Уроки по безопасности фронтенда из крупнейшей хакерской атаки в истории Web3
21 февраля 2025 года известная торговая платформа стала жертвой крупного инцидента с безопасностью, в результате чего около 1,46 миллиарда долларов криптоактивов было переведено на неизвестный адрес. Этот инцидент не только шокировал всю криптоиндустрию, но и вызвал глубокие размышления о безопасности Web3.
Обзор событий
Атакующий с помощью тщательно спроектированной фишинговой атаки успешно заставил подписантов мультиподписного кошелька одобрить вредоносную транзакцию.
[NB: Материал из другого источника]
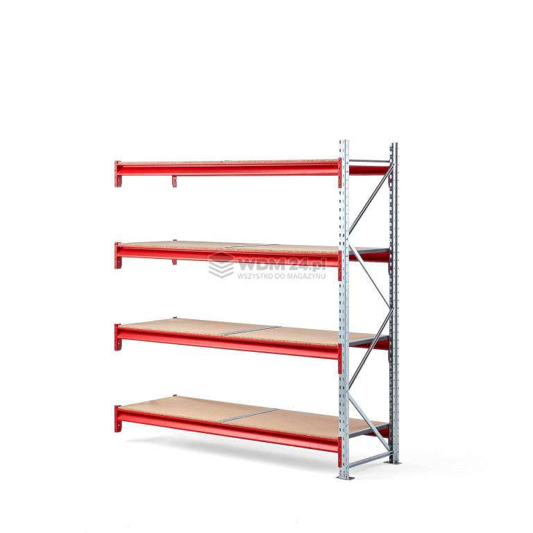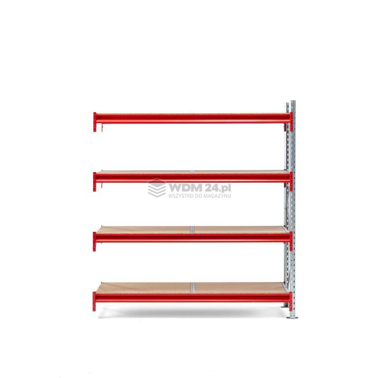 Ramy i belki nośne wykonano ze stali lakierowanej proszkowo, co zapewnia trwałe wykończenie. Moduł dodatkowy jest łatwy w montażu - wystarczy zahaczyć belki nośne na ramie i połączyć z modułem podstawowym. Belki można montować na dowolnej wysokości. Następnie należy ułożyć półki na belkach. W zestawie stopy do zakotwienia regału w podłożu. Prezentowany moduł należy połączyć z co najmniej jednym modułem podstawowym.
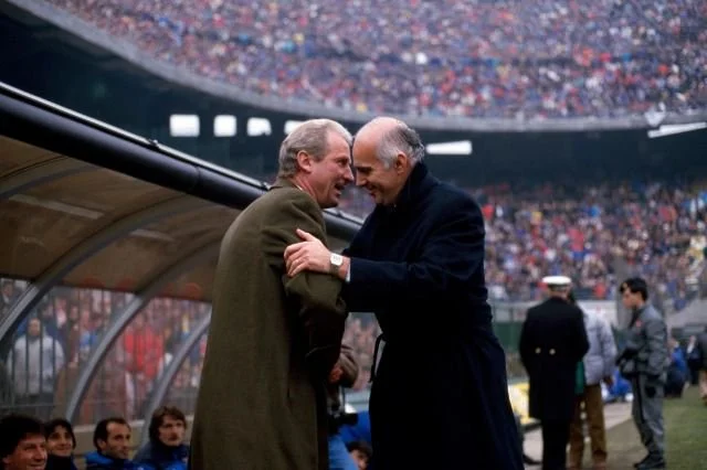 13. Дербі делла Мадонніна кінця 80-х. Тренерська дуель Джованні Трапаттоні (Інтер) та Арріго Саккі (Мілан).

Конкретные шаги следующие:
Нападающий заранее развертывает вредоносный контракт с бэкдором для перевода средств.
Изменение интерфейса Safe, чтобы информация о транзакции, которую видит подписант, не совпадала с данными, фактически отправляемыми на аппаратный кошелек.
Получение действительной подписи через поддельный интерфейс, замена реализации контракта многофакторного кошелька Safe, что позволяет контролировать холодный кошелек и переводить активы.
Опрос показал
После расследования и получения доказательств профессиональным учреждением, предварительные результаты показывают:
В облачном хранилище Safe обнаружены ресурсы с внедрённым вредоносным кодом JavaScript.
Вредоносный код предназначен для манипуляции сделками и изменения содержимого сделки в процессе подписания.
Источник атаки, похоже, исходит из облачной инфраструктуры Safe.
В настоящее время не обнаружено признаков того, что инфраструктура самой торговой платформы была взломана.
! [Является ли самая большая хакерская кража в истории Web3 горшком фронтенд-разработки?] ](https://img-cdn.gateio.im/webp-social/moments-2361c684ee13a28384521318c2a41aea.webp)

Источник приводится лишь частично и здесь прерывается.